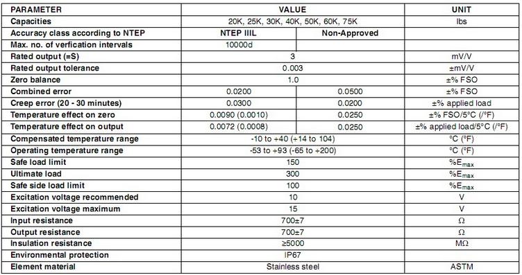 33554:  65083S-4k-5100 4000lb 20ft SENTRS 2mV/V 350 OHM NTEP Class III 5m  HS WS IP67K3s廣州南創(chuàng)電子科技有限公司
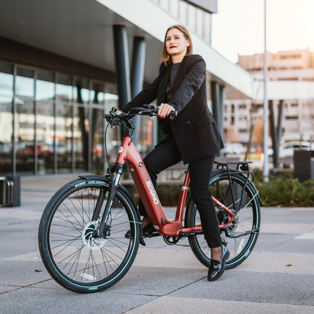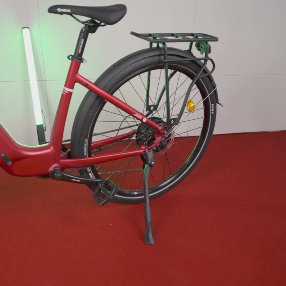 The ECONO Apes EER4 is engineered around a 6061 aluminum alloy frame designed for lightweight strength and corrosion resistance. A city-style geometry with an upright seating position reduces rider fatigue, while the adjustable stem (0–90°) and ergonomic 680 mm handlebars allow a customizable fit. The Velo VL-3644 saddle and 30.9 mm seatpost provide wide, cushioned support for longer rides. At 22.6 kg (without battery), the EER4 maintains easy handling for storage and transport. The Bafang DP C080 side-mounted TFT display provides clear data visualization, including five assistance modes: ECO, TOUR, SPORT, SPORT+, and BOOST. Integrated blatniki (mudguards), kickstand, and MIK-compatible rear rack add everyday convenience. With its clean design and functional ergonomics, the Apes EER4 balances comfort, utility, and performance for daily commuting and relaxed leisure rides.
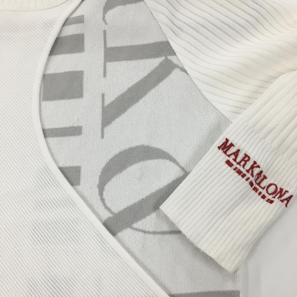 マークアンドロナ ハイネックセーター 白×グレー 一部総柄 ニット レディース 36(S) ゴルフウェア MARK&LONA
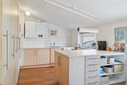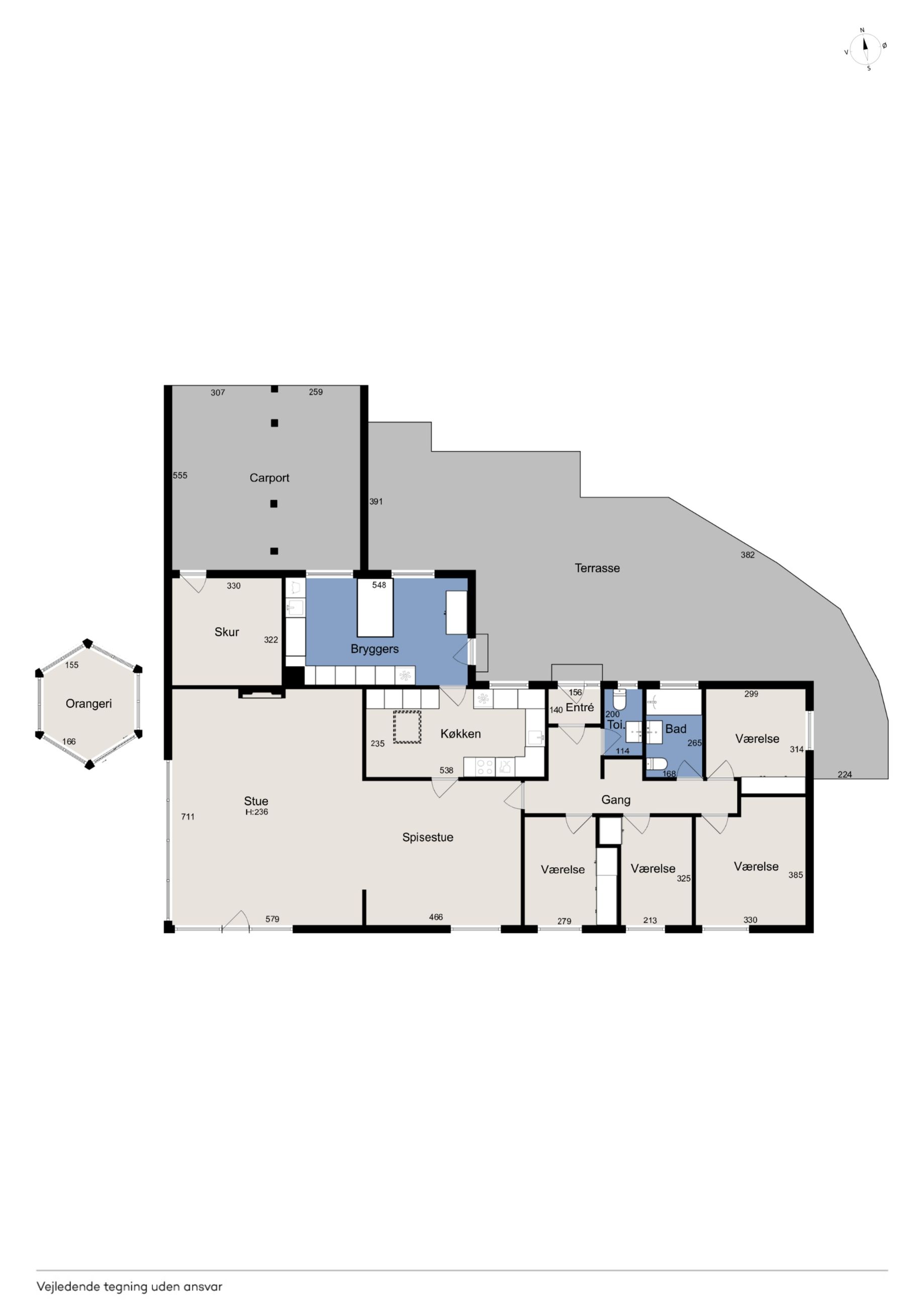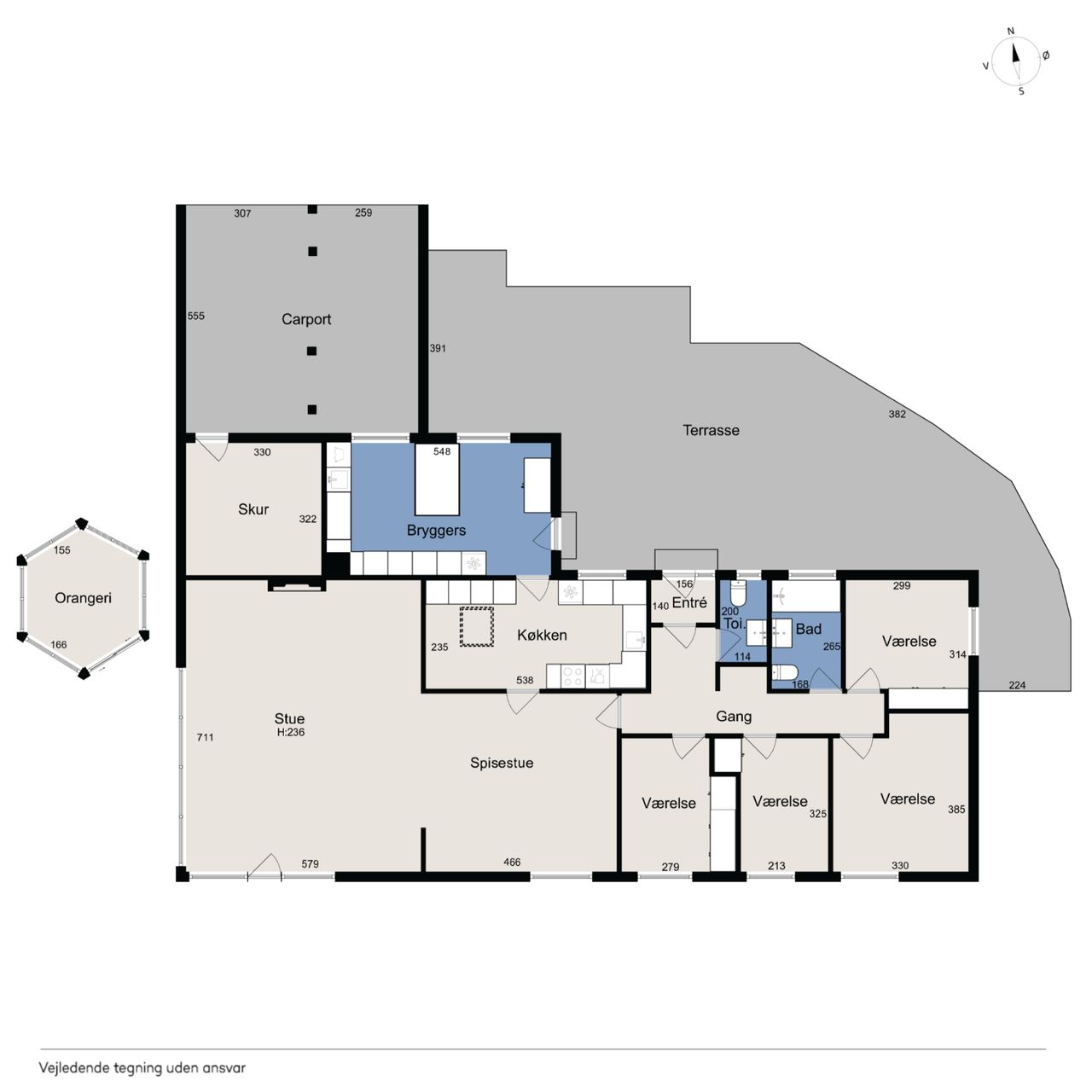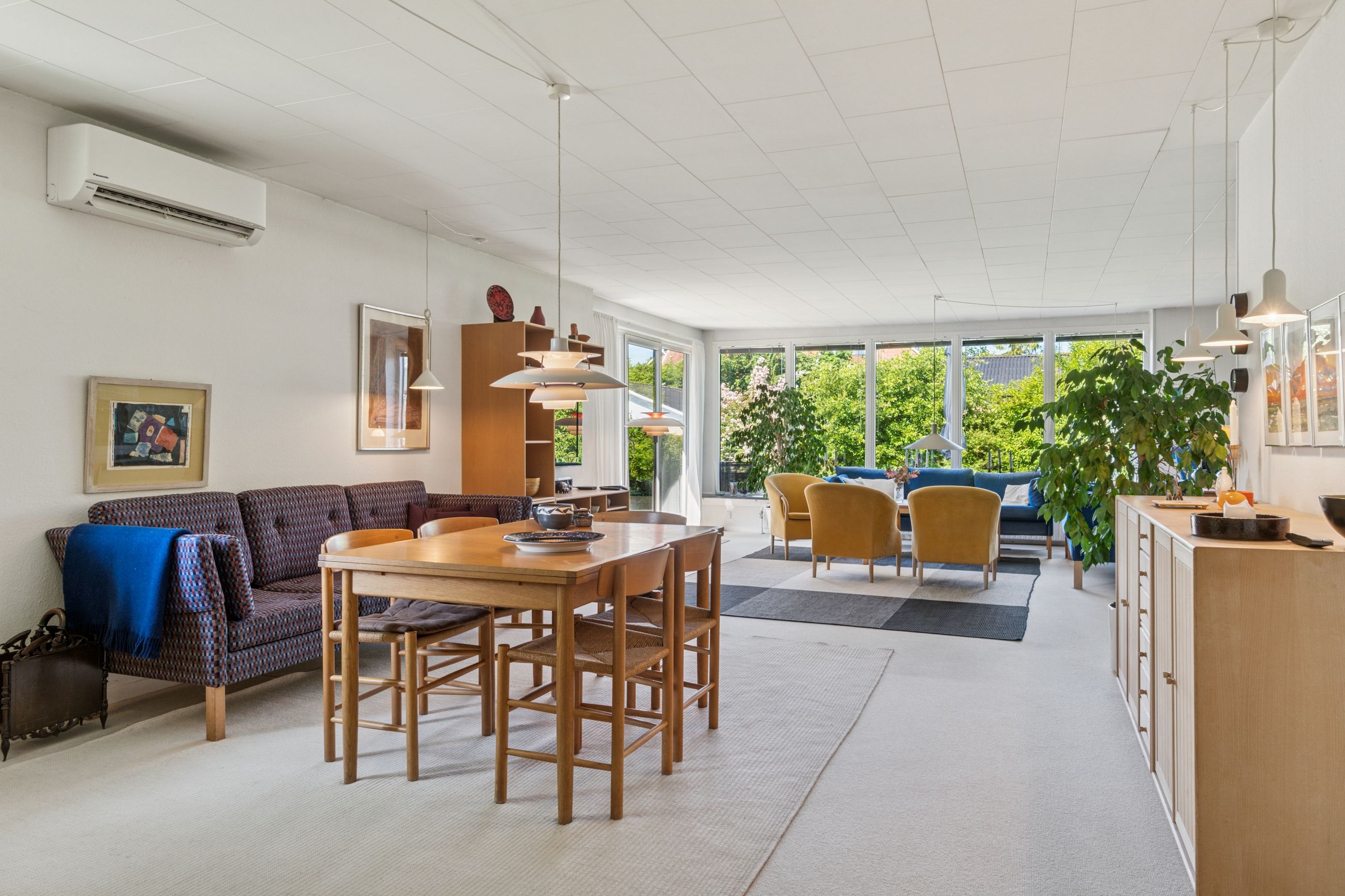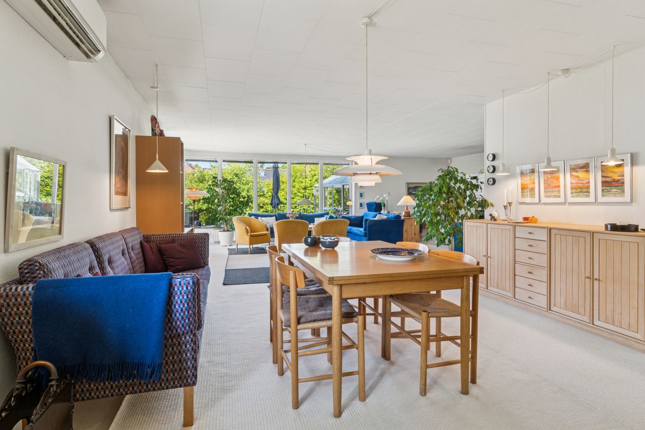 Foran boligen har I en dobbelt carport med ellader og skur, hvor bilerne parkeres, inden I bevæger jer indenfor – enten via entréen eller det praktiske bryggers, som er utroligt rummeligt med gode skabsløsninger og plads til vaskefaciliteterne. Bryggerset åbner op til køkkenet, hvor der er mulighed for en mindre spisekrog, så I kan nyde hinandens selskab på tværs af madlavning og samtaler. Den tilstødende vinkelstue fremtræder indbydende med skønne lysindfald gennem det brede vinduesparti, ligesom I vil bemærke den stemningsskabende pejs, der kan tændes op i de sene aftentimer. Modsat opholdsrummene finder I værelsesafdelingen, som består af fire gode værelser, et gæstetoilet samt et badeværelse.

What the task requires: Starting at the line that holds "The ECONO Apes" and ending at the last line of the material above, repeat each line exactly, both ends included, and leave the pictures out.

Solution to this exercise:
 The ECONO Apes EER4 is engineered around a 6061 aluminum alloy frame designed for lightweight strength and corrosion resistance. A city-style geometry with an upright seating position reduces rider fatigue, while the adjustable stem (0–90°) and ergonomic 680 mm handlebars allow a customizable fit. The Velo VL-3644 saddle and 30.9 mm seatpost provide wide, cushioned support for longer rides. At 22.6 kg (without battery), the EER4 maintains easy handling for storage and transport. The Bafang DP C080 side-mounted TFT display provides clear data visualization, including five assistance modes: ECO, TOUR, SPORT, SPORT+, and BOOST. Integrated blatniki (mudguards), kickstand, and MIK-compatible rear rack add everyday convenience. With its clean design and functional ergonomics, the Apes EER4 balances comfort, utility, and performance for daily commuting and relaxed leisure rides.
 マークアンドロナ ハイネックセーター 白×グレー 一部総柄 ニット レディース 36(S) ゴルフウェア MARK&LONA
 Foran boligen har I en dobbelt carport med ellader og skur, hvor bilerne parkeres, inden I bevæger jer indenfor – enten via entréen eller det praktiske bryggers, som er utroligt rummeligt med gode skabsløsninger og plads til vaskefaciliteterne. Bryggerset åbner op til køkkenet, hvor der er mulighed for en mindre spisekrog, så I kan nyde hinandens selskab på tværs af madlavning og samtaler. Den tilstødende vinkelstue fremtræder indbydende med skønne lysindfald gennem det brede vinduesparti, ligesom I vil bemærke den stemningsskabende pejs, der kan tændes op i de sene aftentimer. Modsat opholdsrummene finder I værelsesafdelingen, som består af fire gode værelser, et gæstetoilet samt et badeværelse.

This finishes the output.